All private businesses across Canada, including residential landlords and real estate brokerages, will be impacted by the latest changes to the Personal Information Protection and Electronic Documents Act (PIPEDA) beginning Nov. 1. PIPEDA is Canada’s federal private sector privacy law that sets out the ground rules for how businesses, including landlords, must handle personal information in the course of their commercial activity. PIPEDA was significantly amended when the The Digital Privacy Act received Royal Assent in June 2015.

Under PIPEDA, landlords must:

  • Obtain a tenant’s consent to collect, use or disclose a person’s personal information.
  • Identify the reasons for collecting the personal information before collection and only ask for the limited information needed for what a reasonable person would consider appropriate to the circumstances.
  • Provide an individual with access to the personal information the holder has about the individual and allow them to challenge its accuracy.
  • Only use a tenant’s personal information for the purposes for which it was collected.

The time limit for PIPEDA court applications changed from 45 days to one year.

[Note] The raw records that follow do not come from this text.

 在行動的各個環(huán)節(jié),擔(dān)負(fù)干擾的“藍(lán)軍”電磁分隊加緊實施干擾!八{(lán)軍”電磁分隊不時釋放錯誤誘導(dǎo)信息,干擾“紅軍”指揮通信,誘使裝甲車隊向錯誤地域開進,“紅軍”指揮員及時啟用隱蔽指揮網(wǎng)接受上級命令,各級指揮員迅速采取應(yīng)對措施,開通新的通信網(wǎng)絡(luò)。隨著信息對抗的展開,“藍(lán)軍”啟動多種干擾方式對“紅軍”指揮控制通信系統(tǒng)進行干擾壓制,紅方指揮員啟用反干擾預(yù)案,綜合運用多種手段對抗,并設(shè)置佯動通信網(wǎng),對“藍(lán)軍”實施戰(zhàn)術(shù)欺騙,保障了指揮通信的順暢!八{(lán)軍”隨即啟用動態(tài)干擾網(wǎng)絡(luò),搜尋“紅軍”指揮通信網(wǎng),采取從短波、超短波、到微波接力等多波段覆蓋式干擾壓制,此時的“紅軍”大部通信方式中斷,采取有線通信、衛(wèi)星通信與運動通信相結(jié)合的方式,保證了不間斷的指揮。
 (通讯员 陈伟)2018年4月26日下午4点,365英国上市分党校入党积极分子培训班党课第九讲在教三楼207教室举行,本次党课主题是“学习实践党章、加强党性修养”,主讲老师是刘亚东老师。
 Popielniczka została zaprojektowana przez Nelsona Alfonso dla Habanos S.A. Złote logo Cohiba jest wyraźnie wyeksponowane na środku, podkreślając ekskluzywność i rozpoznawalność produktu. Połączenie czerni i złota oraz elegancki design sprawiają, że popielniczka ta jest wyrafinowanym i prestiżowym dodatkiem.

As of Nov. 1, PIPEDA will include a mandatory requirement for organizations to give written notice to affected individuals and to the commissioner about privacy breaches and to maintain records for 24 months about each breach.

All businesses (and landlords of every size) must ensure that personal information is protected by appropriate safeguards including physical measures (locked filing cabinets, restricting access to offices, alarm systems), technological tools (passwords, encryption, firewalls) and organizational controls (security clearances, limiting access to a “need-to-know” basis, staff training, agreements).

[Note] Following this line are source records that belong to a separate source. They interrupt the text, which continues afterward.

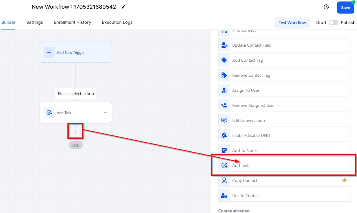 The Add Task workflow action in your CRM enables users to assign a task to themselves or their team members. The task can only be assigned to an active user within the account. This workflow action allows you to automate task creation for your team members to remind them to complete important tasks such as setting up follow-up sales calls.
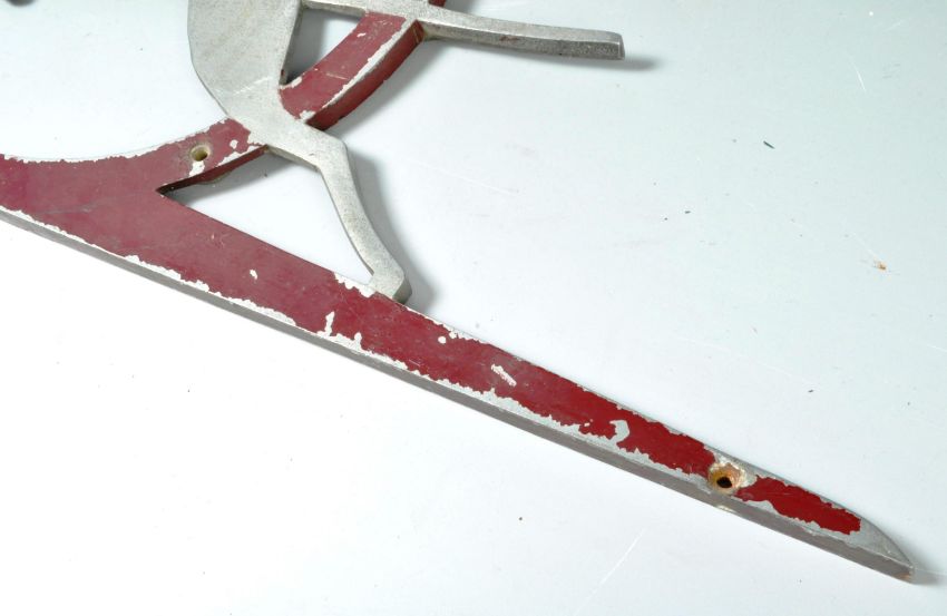 An original vintage 1950's metal advertising point of sale motoring transport related sign for Greyhound buses / lines featuring a running / leaping greyhound in brushed metal within a circular red painted border frame. Measures approx;
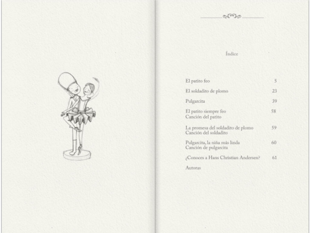 Este libro es una oportunidad para disfrutar en familia de un clásico de todos los tiempos. Cada historia escrita en verso, invita a la lectura en voz alta y a cantar con las canciones inspiradas en «El Patito feo, El valiente soldadito de plomo y Pulgarcita». Tres historias que han traspasado fronteras y siglos, y que en esta versión, a través de la música y la poesía, construyen un maravilloso puente para nuevos lectores.
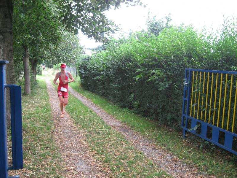 Florian Börner hat auf der zweiten Runde des ersten Elements abreißen lassen müssen. " Das Schwimmen eben ", zischte er. Über 14 : 24 Minuten kann man sagen : Da ist nach oben noch einiges offen. Gleiches gilt für die Raddistanz : 57 : 28 Minuten. Dafür lief zehn Plätze vor ihm im Klassement – und danach sowieso nicht – keiner die sechs Kilometer schneller als in 27 : 31 Minuten. " Auf der Laufstrecke habe ich einiges gut gemacht ", wusste Börner, der den ersten Platz bei den Junioren und den 40. Rang in der Gesamtwertung belegte in 1 : 39 : 24 Stunden. Pech dagegen hatte Ralf Rosenmeier, der das Ziel im Gehen erreichte. Sein Wettbewerb wurde nicht gewertet. Dabei kam er gut aus dem Wasser, lieferte sich auf der Radstrecke ein Kopf-an-Kopf-Rennen mit Detlef Schäfer, ging auf die Laufstrecke, verdrehte sich auf schlammigem Boden das Knie – und schied aus. Jens-Uwe Börner ging auf die zweite Laufrunde, als viele bereits im Ziel waren. Auch er hatte nach Wasser ( 16 : 26 ) und Rad ( 1 : 04 : 58 Stunden ) in seiner Spezialdisziplin ( 30 : 19 ) einges an Zeit gewonnen. Auf dem Stahlrad, hat er nach dem Altmark-Triathlon in Wischer berechnet, verliert er etwa fünf Minuten auf die Starter mit dem leichteren Alurad. Trotzdem wurde Börner erneut nicht Letzter, er erreichte nach 1 : 51 : 43 Stunden das Ziel, Rang 55 gesamt, Rang drei in der Senioren 2.
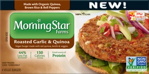- Morning Star Roasted Garlic & Quinoa, Vegan & NONGMO baked and diced

You say you knew all this already? What about the case where a landlord and tenant had a verbal tenancy agreement (permitted under the RTA) to allow the tenant to grow up to four cannabis plants but the landlord discovered 60 plants? Here’s the answer.

The full implications of PIPEDA to Canadian businesses would require possibly a small book to analyze the obligations for every type of small business. My personal focus is on residential “landlording”, which includes Realtors who assist residential property investors, so here’s a 20 Question Landlord-Tenant Privacy test:

  1. Do you need a tenant’s SIN number for most things?
  2. Do you need permission to capture a tenant’s face on a surveillance camera?
  3. Do you need written permission to do a credit check?
  4. What minimum information is needed to do a credit check?
  5. Is it against the law to demand a tenant’s SIN number?
  6. Can you deny a tenancy applicant because they didn’t give you their SIN number?
  7. Can you use the SIN as a general tenant identifier, for example in your accounting system?
  8. Can a landlord ask for a driver’s licence, tax information, pay stubs?
  9. Can you look into a tenant’s background by looking at social media postings or calling another landlord?
  10. Can you put a tenant’s name on a “bad tenant” list?
  11. Can you verbally disclose bad tenant behaviour to other landlords, for example a phone reference?
  12. Can you take pictures of a tenant’s apartment and contents if you suspect a tenancy agreement breach?
  13. Can you set up surveillance cameras in your building that capture tenant faces?
  14. Can a tenant ask what information you hold about them?
  15. Can other tenants collect information on a tenant?
  16. How long can you retain a tenant’s information?
  17. Is there a prescribed process for personal information destruction?
  18. Can you disclose personal information to pursue a debt?
  19. Can police agencies demand tenant information from you?
  20. Can police agencies demand the landlord allow them entry to a tenant’s unit?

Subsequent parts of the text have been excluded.